Los maestros y profesores defendieron y defienden la educación presencial, y durante todo el año garantizaron sin recursos oficiales, ni para ellos ni para los estudiantes, la continuidad educativa virtual, y denunciaron el abandono completo de toda acción de parte del gobierno nacional y de las provincias para abordar una emergencia educativa de alcances históricos, que exigía y exige de una movilización extraordinaria de recursos y de docentes y auxiliares de la educación.

El gobierno mantuvo durante un año el presupuesto de ajuste y devaluación de Macri, en tanto que en el presupuesto 2021 aprobado en noviembre pasado, los recursos en educación se redujeron del 3.5 por ciento del PBI al 1.3 por ciento. Los miles de millones de pesos de las Leliqs, que Alberto Fernández amenazó con quitar a los bancos, quedaron en manos de los especuladores financieros: Sólo con el negocio de las Leliqs se llevaron la suma de 700.000 millones de pesos.

Muy diferente fue la vara con las necesidades de la población trabajadora. El subsidio al capital se mantiene, pero a la clase obrera se le quitó toda ayuda estatal (IFE, cobertura alimentaria, etc).
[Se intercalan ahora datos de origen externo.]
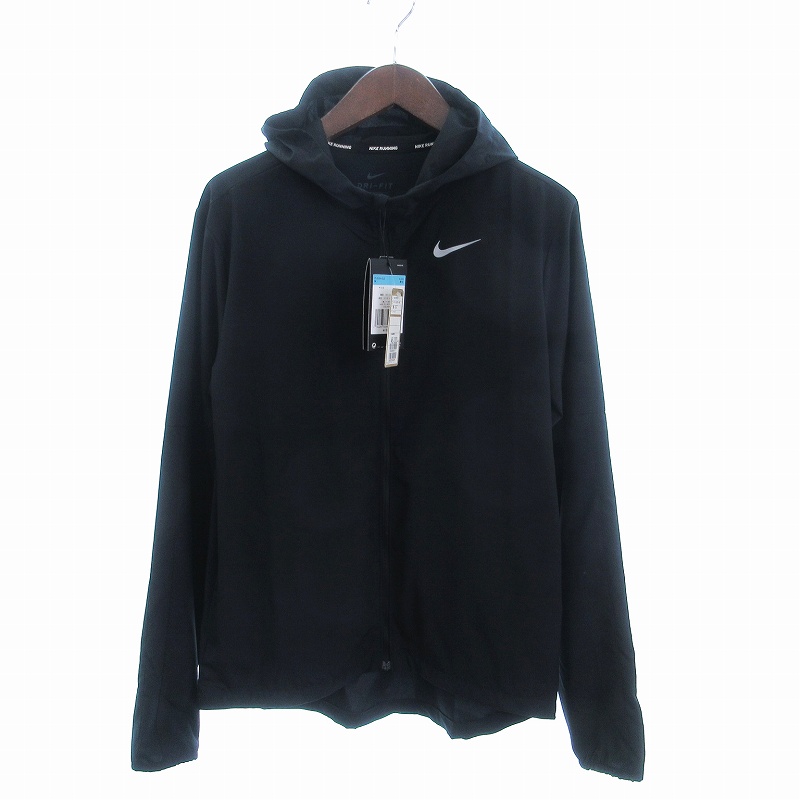 未使用品 ナイキ NIKE タグ付き ラン ストライプ ウーブンジャケット ジップアップ ワンポイント CU5354-010 黒 ブラック M メンズ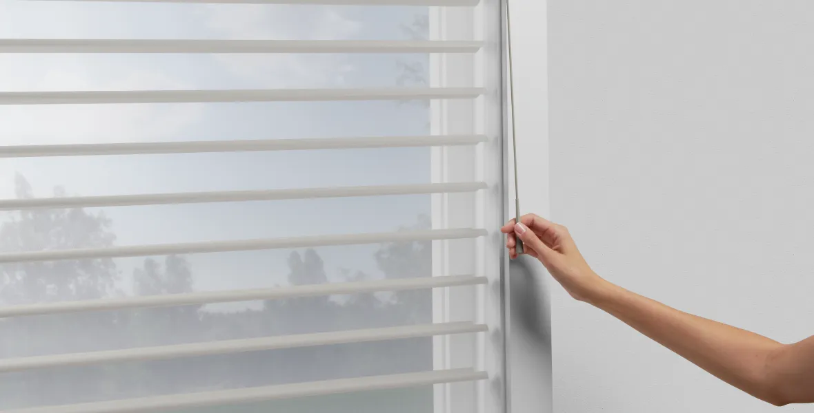 「SoftTouch™」は、非常にシンプルで直感的な操作を実現します。ワンドを軽く上げたり下げたりするだけで、シェードがスムーズに昇降します。このコードレス設計により、特に小さなお子様やペットがいる家庭でも安全に使用でき、安心して日常生活を楽しむことができます。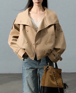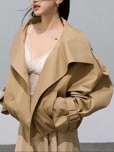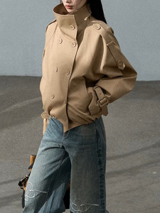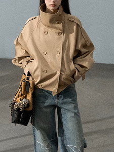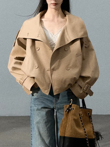 OAKMO/莱赛尔棉双排扣大廓形短款风衣外套夹克秋季穿搭立领大衣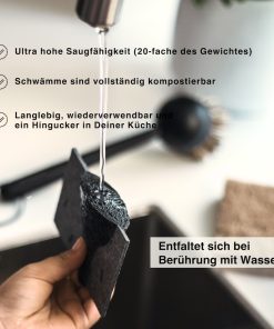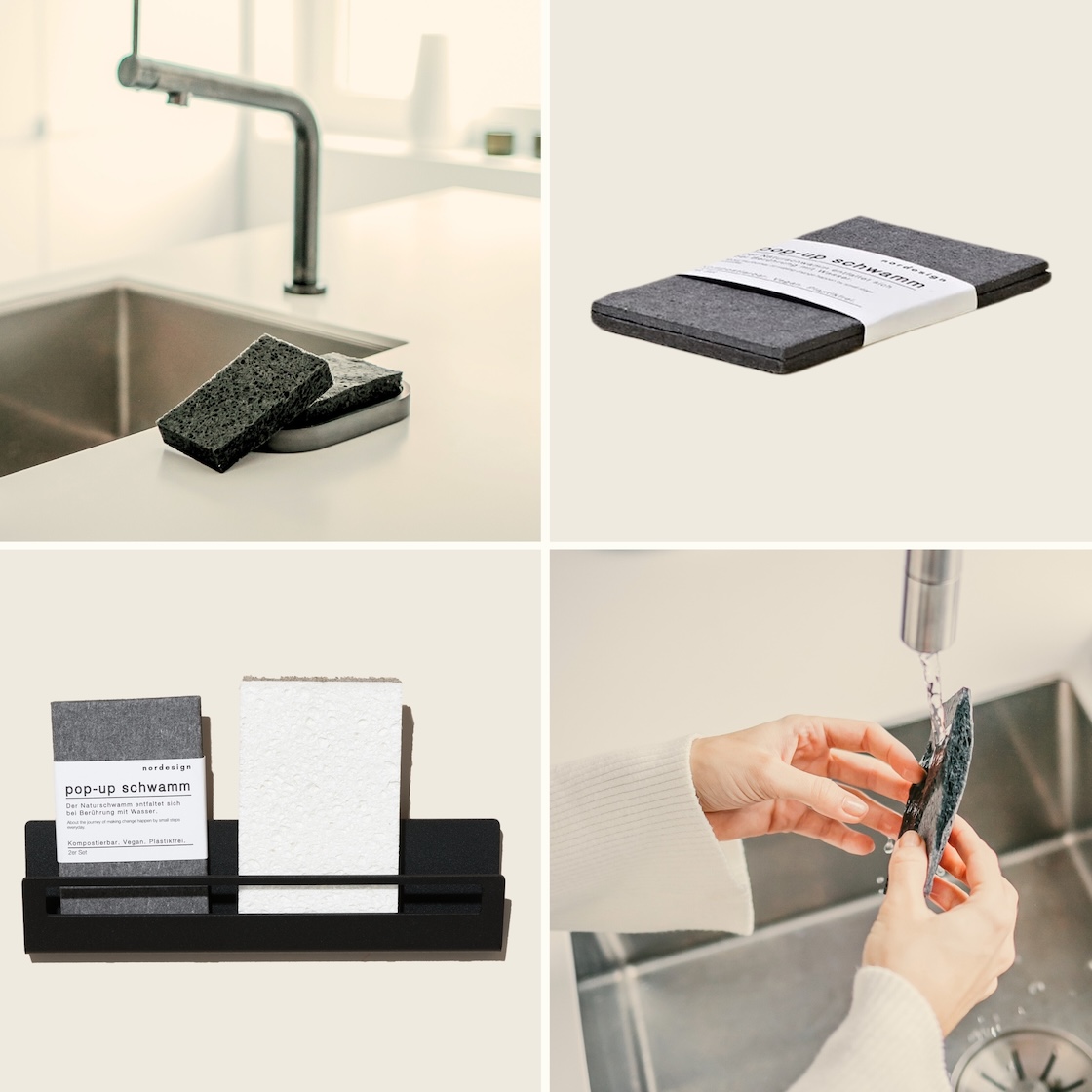 Der Pop Up Schwamm von nordesign vereint Funktionalität, Nachhaltigkeit und Design für dich und stellt eine natürliche Alternative zum herkömmlichen Küchenschwamm aus Kunststoff dar. Bringe Bedeutung ins kleinste Detail und gehe verantwortungsvoll mit unserem Planeten um. Der Pop-Up Effekt bei der ersten Berührung des Schwammes mit Wasser ist ein Erlebnis. Einmal aufgegangen, kann der Pop-Up Schwamm universal für die sanfte Reinigung eingesetzt werden. Der schlichte schwarze Schwamm ist ein Must-Have für jeden modernen und nachhaltigen Haushalt, sehr cool fügt er sich in deine Küche ein und kann, wenn er einmal nicht mehr zu gebrauchen ist, einfach kompostiert werden. Der Pop Up Schwamm von nordesign besteht zu 100% aus nachwachsender Holz-Zellulose. Er ist im Doppelpack attraktiv verpackt in einer Papierbanderole und auch ein schönes Geschenk. Kombiniere den Schwamm mit dem schwarzen Spültuch und dem Coconut Sponge von nordesign, die auch hier im shop erhältlich sind.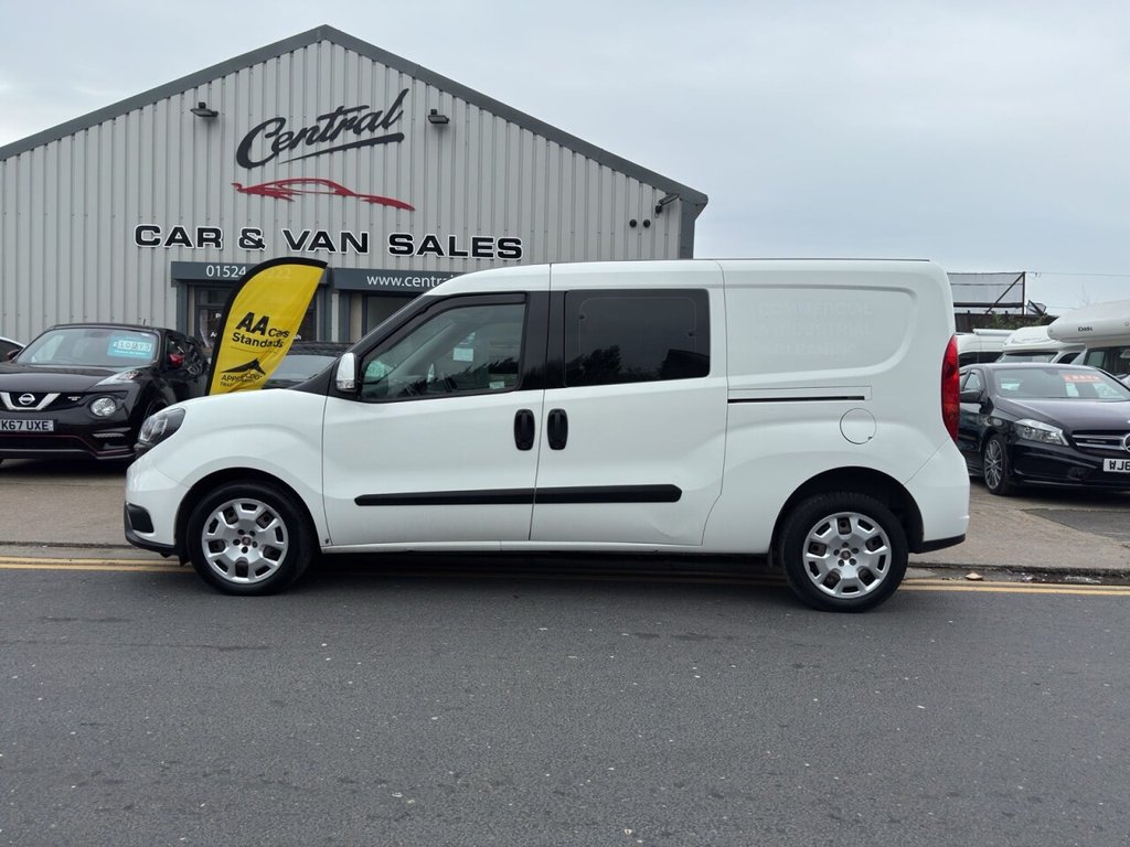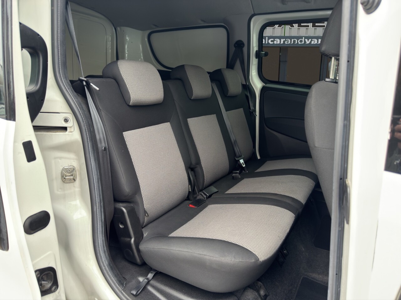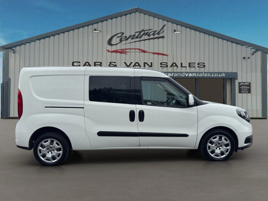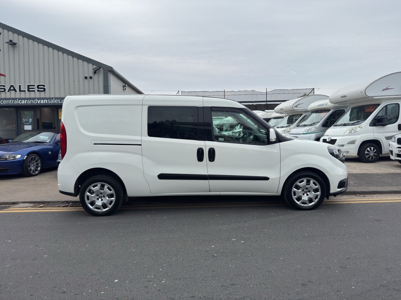October 2020 Fiat Doblo 16v Tecnico Maxi L2H1 5 Seater Crew Combi Van in White with dark cloth trim. The van has covered just 110k miles from new with the same owner from brand new the van has been very well kept, serviced and maintained, This is a 5 seater vehicle with an extended rear load area and has has a boot capacity of 790 liters up to the parcel shelf, and this can be increased to 3,200 liters when all the passenger seats are folded down. Making it ideal for work or leisure use This example is EURO 6 so is ULEZ Compliant, Road tax costs £345 for 12 months and £189 for 6 months Insurance group 31A. The van has a good specification which includes multi function steering wheel, electric windows, electric mirrors, remote central locking, 6 speed manual transmission, on board trip computer, AUX/USB/12V DC, air conditioning, cruise control, radio/CD player, ISOFIX points, full headlining, bulkhead deletion, Parking sensors, 16" steel wheels with trims, front fog lights 12 MONTHS MOT FRESH SERVICE FINANCE AVALIABLE PRICE IS PLUS VAT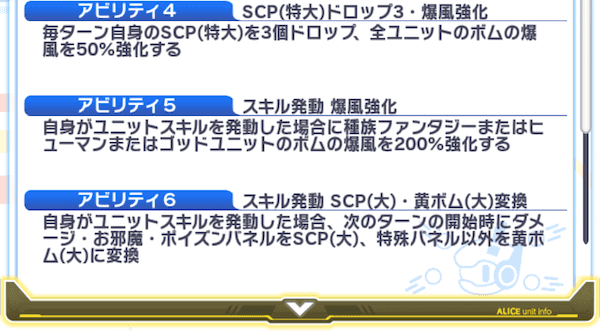 アビリティ4:黄属性&特定種族 SCP(大)ドロップ1 黄属性または種族ファンタジーかUnknownユニットが先頭の時、自身のSCP(大)を1個ドロップ ↓ アビリティ4:SCP(特大)ドロップ3・爆風強化 毎ターン自身のSCP(特大)を3個ドロップ、全ユニットのボムの爆風を50%強化する |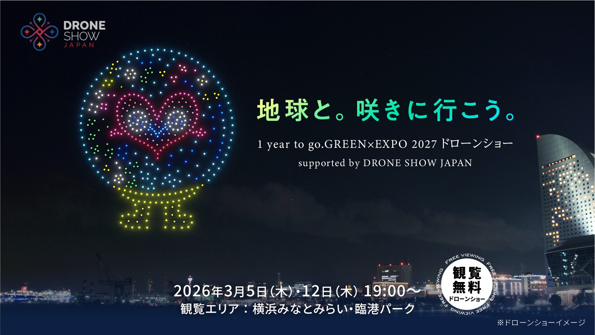 地球と。咲きに行こう。1 year to go. GREEN×EXPO 2027 ドローンショー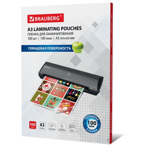 Пленки-заготовки для ламинирования БОЛЬШОГО ФОРМАТА, А3, КОМПЛЕКТ 100 шт., 100 мкм, BRAUBERG, 530895
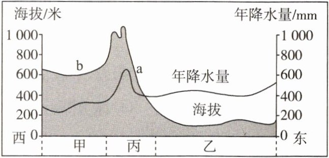 35. 下图为我国某区域沿北纬 42°附近的地形剖面图,a 处年降水量多于 b 处,主要影响因素是( )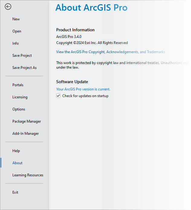 About (À propos) | Afficher des informations sur votre version de ArcGIS Pro et effectuer lamise à jour vers la nouvelle version. |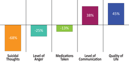 Service dogs are making a real impact on the lives of our Veteran clients with military-connected PTSD. Operation Freedom Paws Post-Program Survey results from a group June 2020 documented significant decreases in suicidal ideation, levels of anger, and amount of medication being taken. The survey, completed by 75 Program graduates, also showed a self-reported increase in the level of communication and quality of life.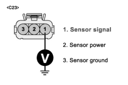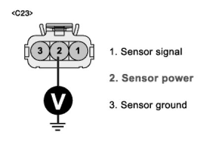 4. Measure the voltage between terminal 2 of TPS harness connector and chassis ground.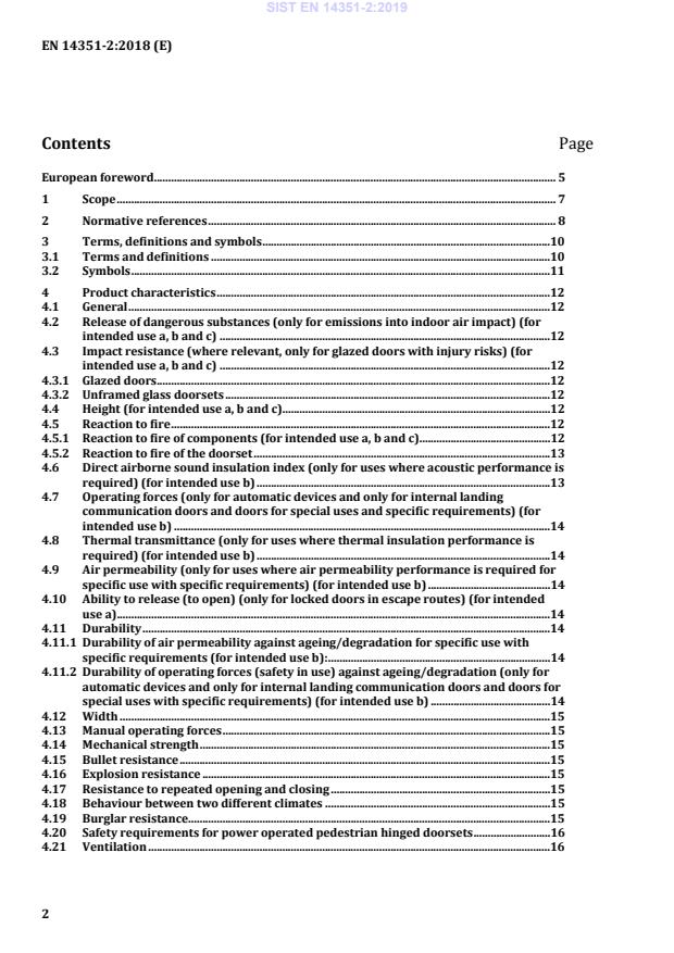 Durability of air permeability against ageing/degradation for specific use with specific requirements (for intended use b): The durability of this characteristic depends on the gaskets. When assessed in accordance to 5.11.1, results shall comply with EN 12365-1:2003, 4.4, 4.6 and 4.7, and expressed as classes according to EN 12365-1:2003, 4.1. 4.11.2 Durability of operating forces (safety in use) against ageing/degradation (only for automatic devices and only for internal landing communication doors and doors for special uses with specific requirements) (for intended use b) Only when power operated doorsets are safeguarded by limitation of forces against impact hazards the durability of operating forces against ageing and degradation shall be tested according to 5.11.2. SIST EN 14351-2:2019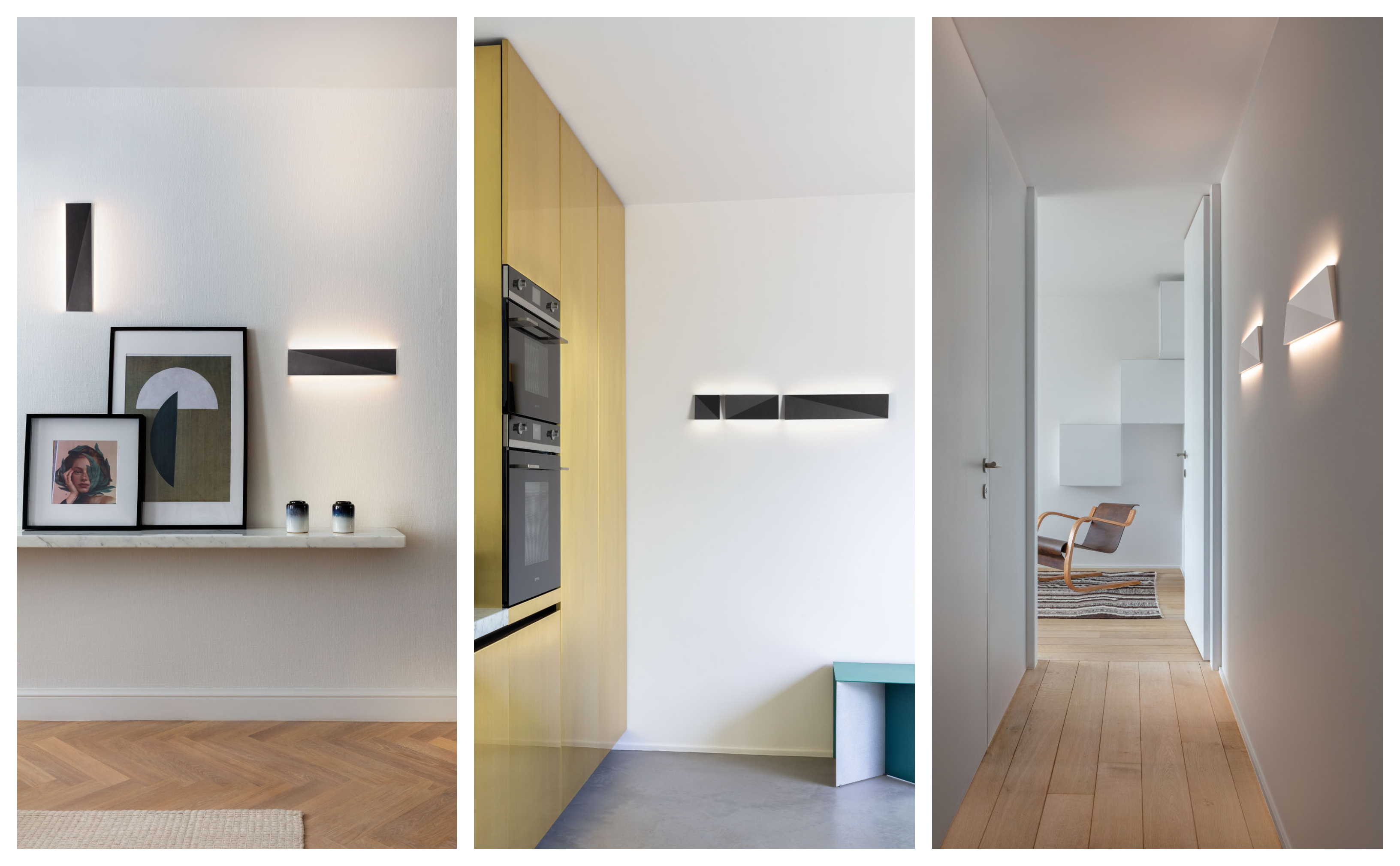 La lumière du soleil joue avec la pliure diagonale du design minimaliste ultra fin en offrant un subtil jeu d’ombres. Quand l’obscurité s’installe, Dent L dévoile la lueur chaude du luminaire mural d’ambiance. Une création dualiste qui se prête à des compositions ludiques et à des expérimentations alliant art et design.
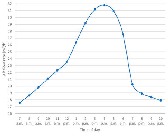 Figure 6 and Figure 7 display how the air velocity and flow rate reflect the sol–air temperature profile, with a faster growth and the maximum peak in the hottest hours, and a semi-linear profile before 12:00 a.m. and after 7:00 p.m. This trend is related to the solar radiation, which significantly affects the temperature of the concrete slab, heating up the air in the cavity and then increasing the ventilation flow rate.

Lo propio ocurrió con la educación. No hubo recursos para afrontar la degradación educativa, para reintegrar al millón de alumnas/os que se dice abandonaron el ciclo escolar y por los que se rasgan las vestiduras. No hubo plan especial de becas para que los estudiantes puedan afrontar el cierre de las escuelas y la educación a distancia. No hubo ni equipos ni conectividad gratuita ni para docentes ni para alumnos.

En la educación superior no sólo no existió seguimiento alguno de los estudiantes que se caían de la virtualidad, sino que todos los gastos de la enseñanza recayeron en los bolsillos docentes. No hubo cobertura de los cientos de miles de cargos docentes necesarios para atender tanto a las/os niñas/os que pudieron mantener la conexión con la escuela como a aquellos que requieren ser reintegrados a la educación. Los pocos cargos que se nombraron para ir en ayuda de los estudiantes desvinculados fueron mínimos, precarios, sin condiciones ni elementos, y con salarios de indigencia.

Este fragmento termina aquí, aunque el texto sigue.